Saw this on the travel channel ,recipe came from Del Rio,Tx (TB Tavern).they didnt mention the name of them but a buddy of mine made something simular to it a few years ago,,,,*CHICKEN BOMBS..*

*Chicken Breast* (take each side and fillet to make thinner ,so you have 2 now)
*Bacon*(use Corn King from HEB)
*Tooth Picks*
Canned *pickeled jalapenos*(sliced type)
*Grated chedder cheese* (or your favorite)
*Cilantro*(chopped)
*Diced onions*(fine diced)
*Seasoning*

Take seasoned chicken breast and put the cheese,jalapenos,cilantro,and diced onions in center roll it up fold the ends inward,while holding it togeather wrap it with bacon and insert toothpicks.You gona have to figure out what amount of stuffing(vegs) to put in each chicken breast.Now you will see why they got their name.
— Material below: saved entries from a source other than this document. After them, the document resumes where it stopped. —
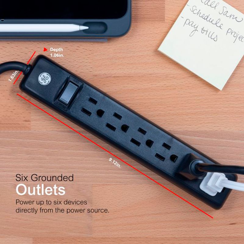 Multitoma Ge 6 Salidas 60 Cm Negro 1875 W 15 Am
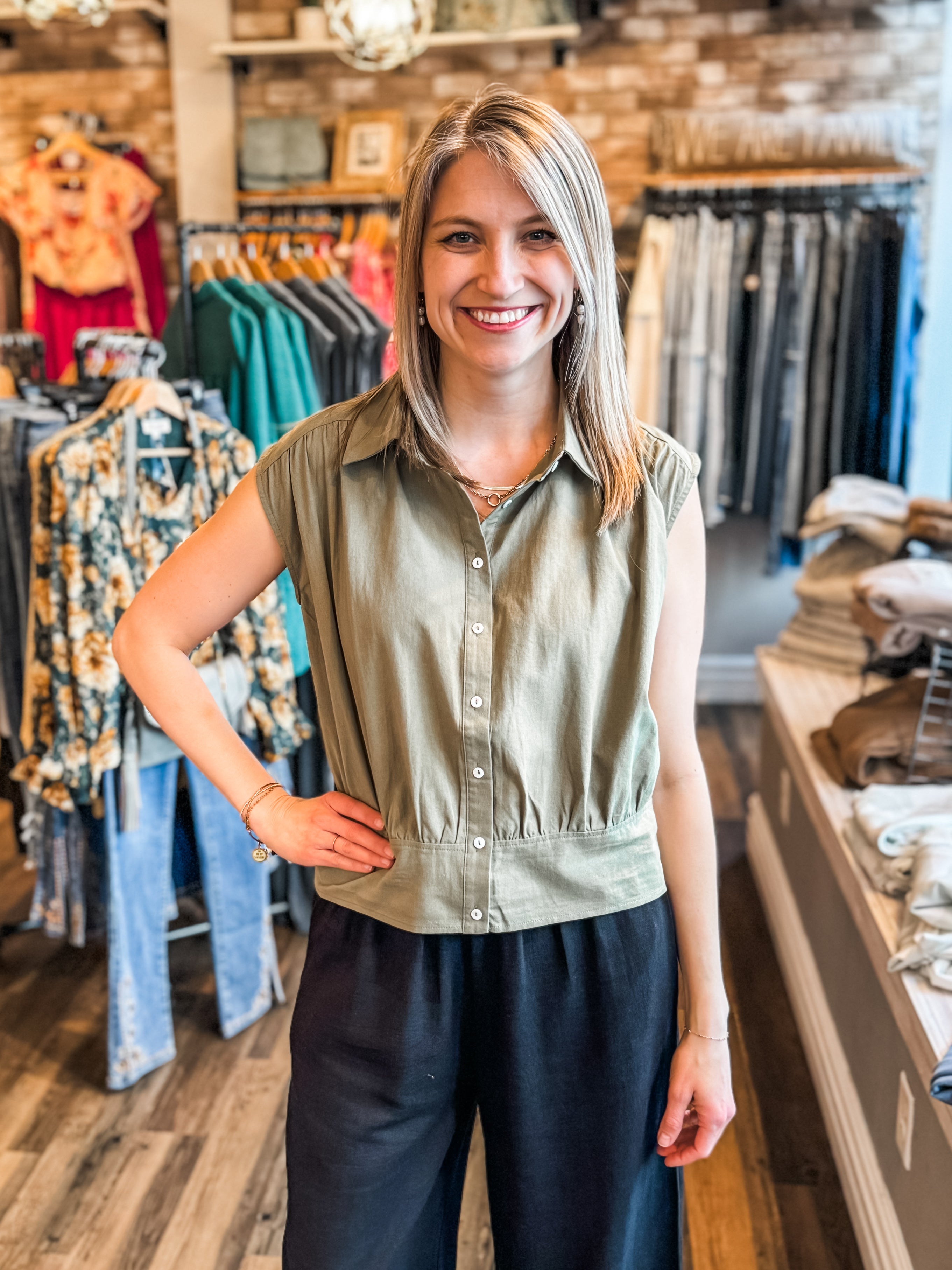 Button Front Blouse with Extended Shoulder S24 - HQ
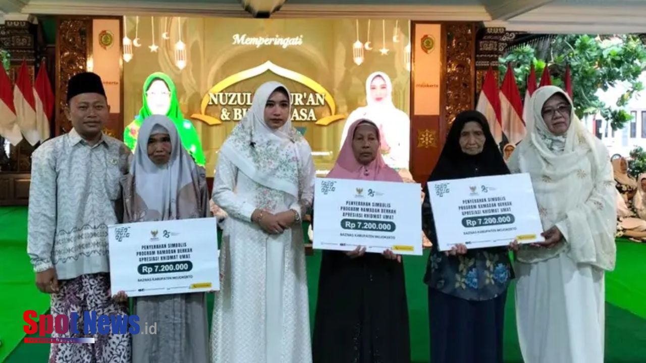 Mojokerto,Spotnews.id- Badan Amil Zakat Nasional (BAZNAS) Kabupaten Mojokerto memberikan apresiasi kepada 36 perempuan yang selama ini dikenal istiqomah mengabdikan diri untuk umat melalui Program Berkah Ramadhan dengan total bantuan senilai Rp7.200.000. Penyerahan apresiasi dilakukan secara simbolis oleh Bupati Mojokerto, Hanna Al-Barra, dalam rangkaian peringatan Nuzulul Qur’an dan buka bersama yang diselenggarakan oleh PC Muslimat NU Kabupaten Mojokerto di Pendopo Graha Majatama pada Minggu (8/3/2026).
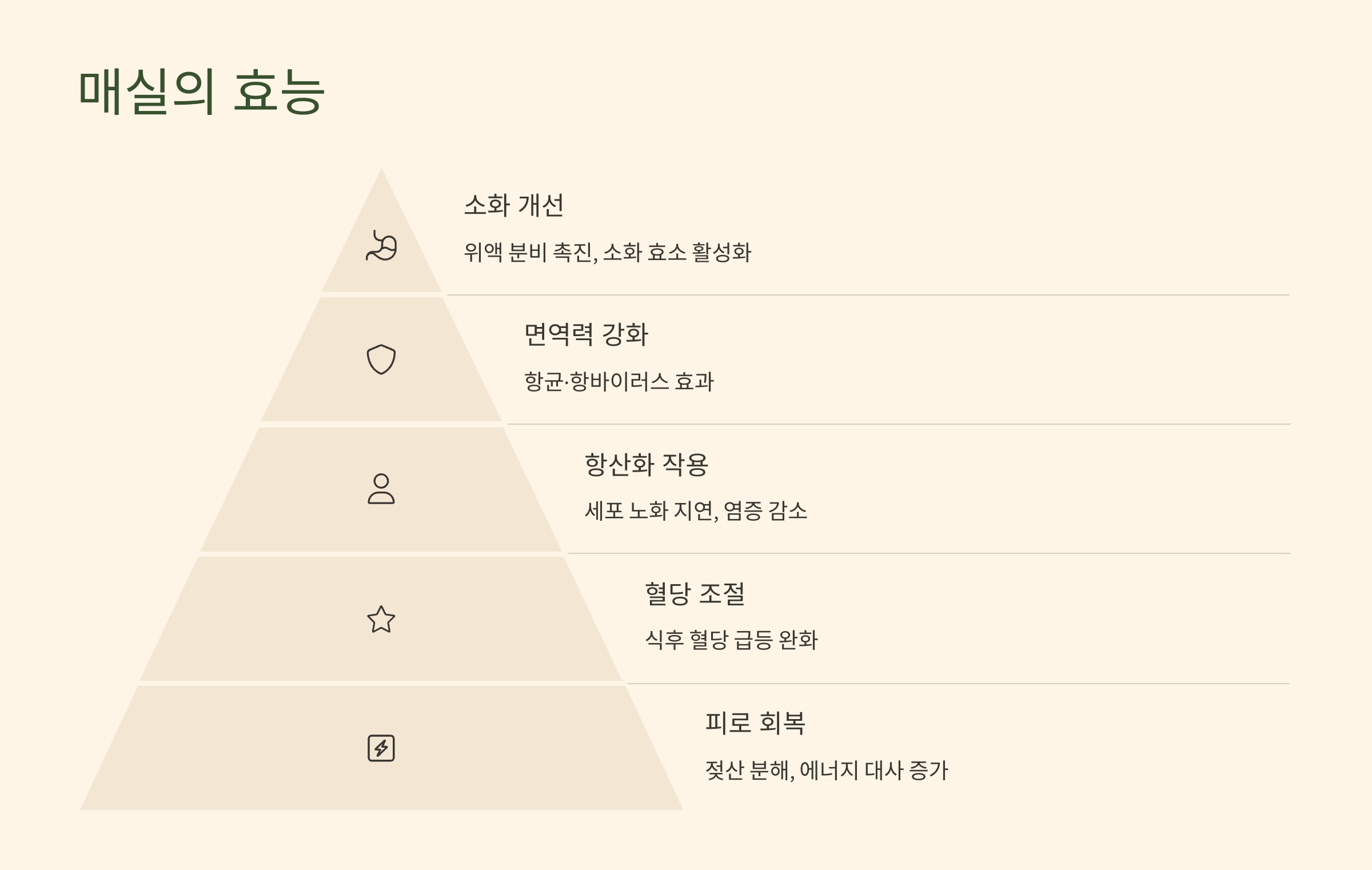 📌 매실에는 이 외에도 플라보노이드, 클로로겐산, 벤즈알데하이드 등 항산화 및 항균 작용 성분이 함유되어 있으며, 특히 청매 상태에서 그 농도가 높습니다.

Grill over a hot mesquite fire till bacon get crip and brown

C'est Bon,Claydeaux:fireworks


----------



## sandybottom (Jun 1, 2005)

YUMMY, YOUR MAKING MY MOUTH WATER THINKING ABOUT IT!


----------



## kdubya (Jun 27, 2005)

Here's a link with pictures.

Looks great.

http://www.barbecuebible.com/board/viewtopic.php?t=15487

Kelly


----------



## kim e cooper (Feb 18, 2006)

Man those look great,thanks will try.


----------



## waterwolf (Mar 6, 2005)

*BOMBS*

kdubya that link with the picture are pretty darn close to what they look like....the ones he made are shaped like a potatoe....guess it depends on what kind of bombs you like,,,,they look "deadly"....thanks for the link..


----------



## waterwolf (Mar 6, 2005)

Going to make these today but use boneless chicken thighs...will post the results with pictures later


----------